KGRG-FM
- Auburn, Washington; United States;
- Broadcast area: SW King County/Tacoma
- Frequencies: 89.9 MHz FM (HD Radio)
- Branding: The All-New KGRG-FM

Programming
- Format: facility silent, currently streaming Modern AC/Top 40

Ownership
- Owner: Green River College
- Sister stations: KGRG

History
- Former call signs: KGRG
- Call sign meaning: Green River Gators

Technical information
- Facility ID: 25168
- Class: A
- ERP: 250 watts
- HAAT: 112 meters (367 ft)
- Transmitter coordinates: 47°15′23″N 122°13′07″W﻿ / ﻿47.25639°N 122.21861°W

Links
- Webcast: KGRG-FM webcast
- Website: KGRG Web Page

= KGRG-FM =

Radio station in Auburn, Washington

KGRG-FM (89.9 FM) is a radio station in Auburn, Washington owned by Green River College. The station broadcasts over the air at 89.9 MHz and as well as online. The station also broadcasts in HD.
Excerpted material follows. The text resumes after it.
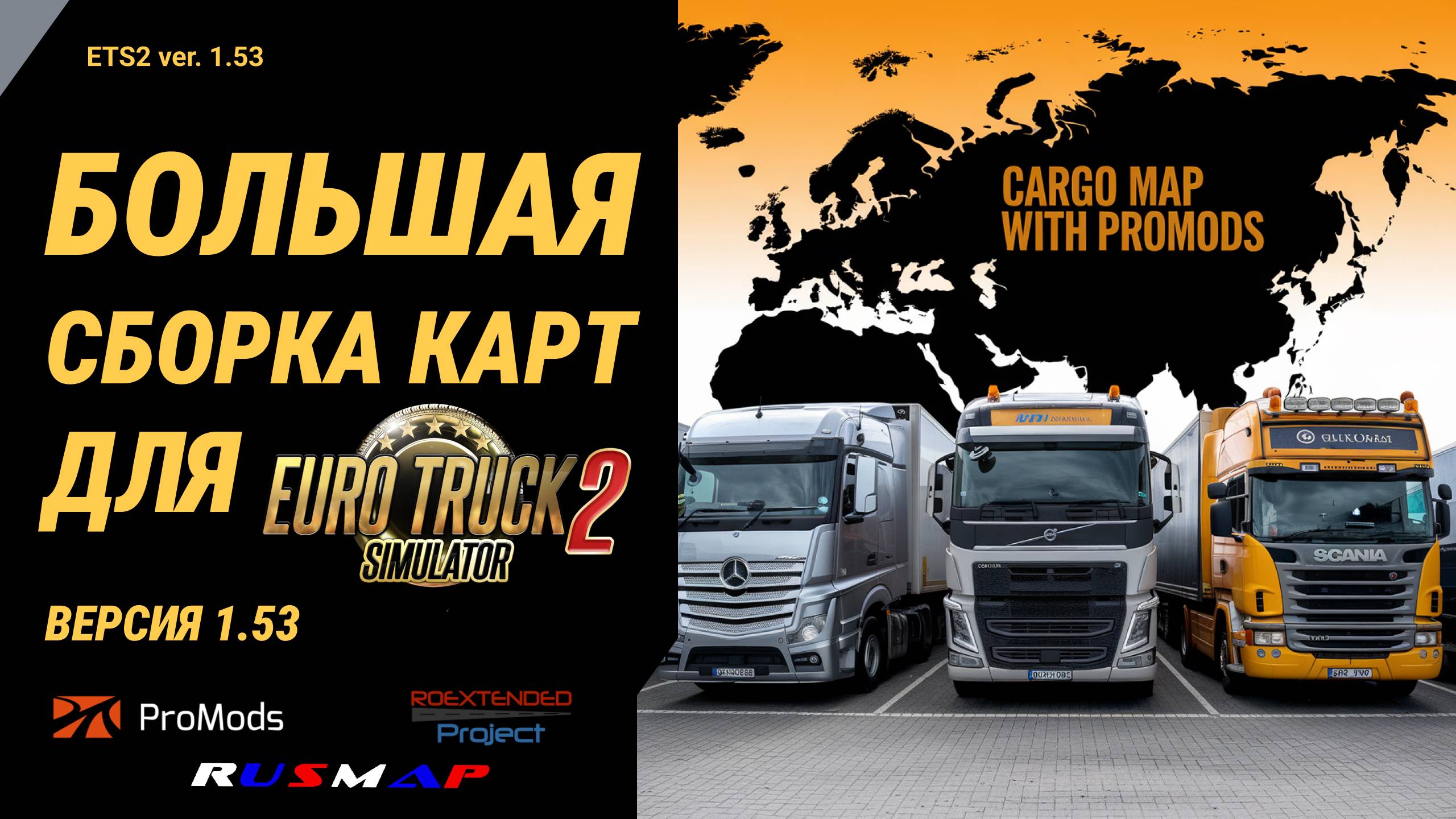 Мега Сборка Карт для ETS 2 v1.53🚛 Cargo map Combo 🌍 ProMods RusMap SibirMap ROEX ...

KGRG-FM broadcasts GRCC and local high school playoff athletic events live.

The station antenna is located within the dense residential neighborhood of Lakeland Hills in Auburn, Washington near the intersection of Panorama Drive and Hazel Ave, near the King/Pierce County border. The digital power of the HD radio signal was increased by 4 times in April 2011.
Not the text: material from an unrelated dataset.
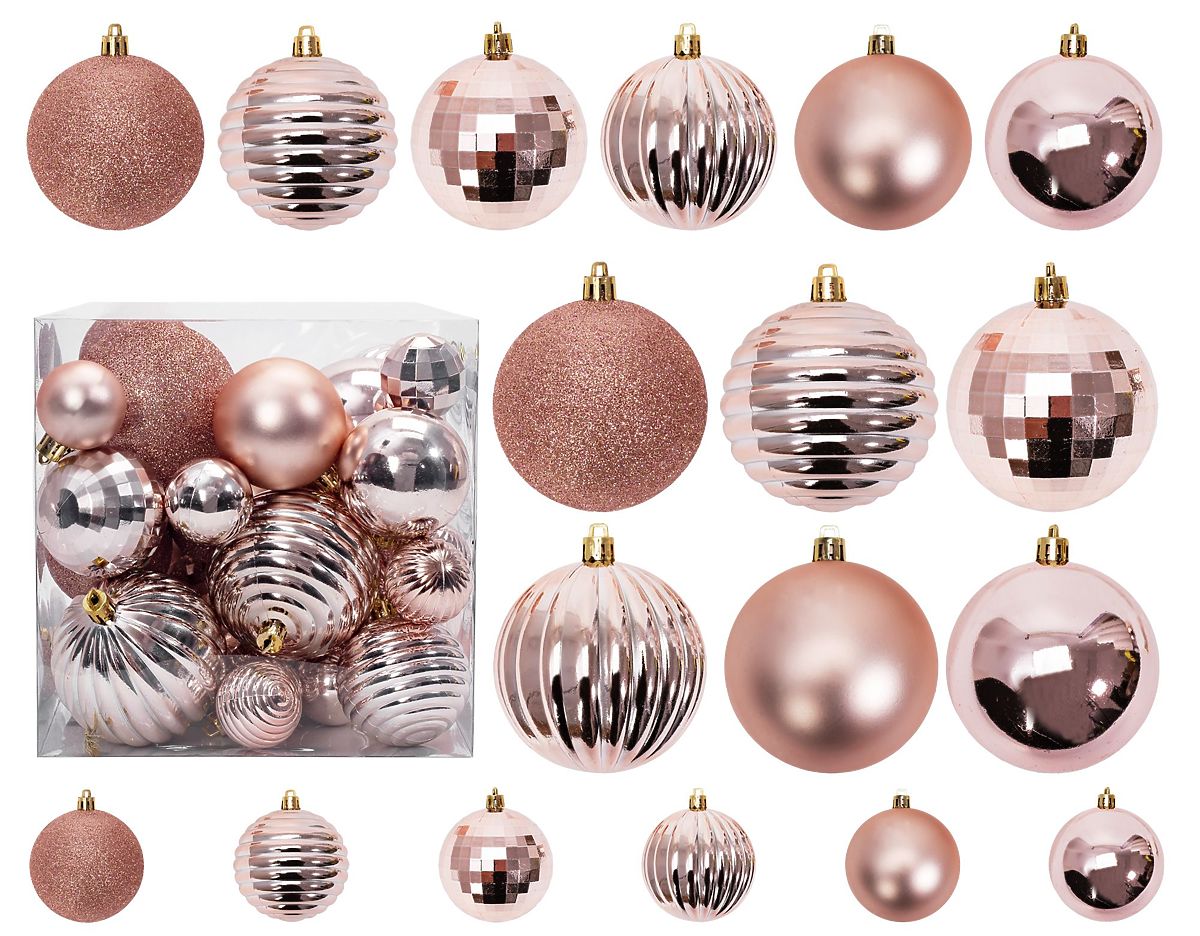 Set di palline di Natale in plastica rosa-oro, resistenti agli urti. .. altro

KGRG-FM was chosen to be one of the first college radio stations to be available on iHeartRadio's College section and became #1 in their first month on the site.
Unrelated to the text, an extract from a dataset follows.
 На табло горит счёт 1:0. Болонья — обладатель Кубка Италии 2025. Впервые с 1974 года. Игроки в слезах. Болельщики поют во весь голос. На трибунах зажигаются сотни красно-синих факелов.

During November 2023, the station switched to a Modern AC-leaning Top 40 presentation, moving much of the alternative music onto the HD-2 signal and KGRG (AM).

During June 2024, KGRG-FM went silent due to "...the loss of the transmitting antenna, and other technical problems". The filing with the FCC requested a six-month authorization to stop over the air broadcasts. The stations can still be streamed online.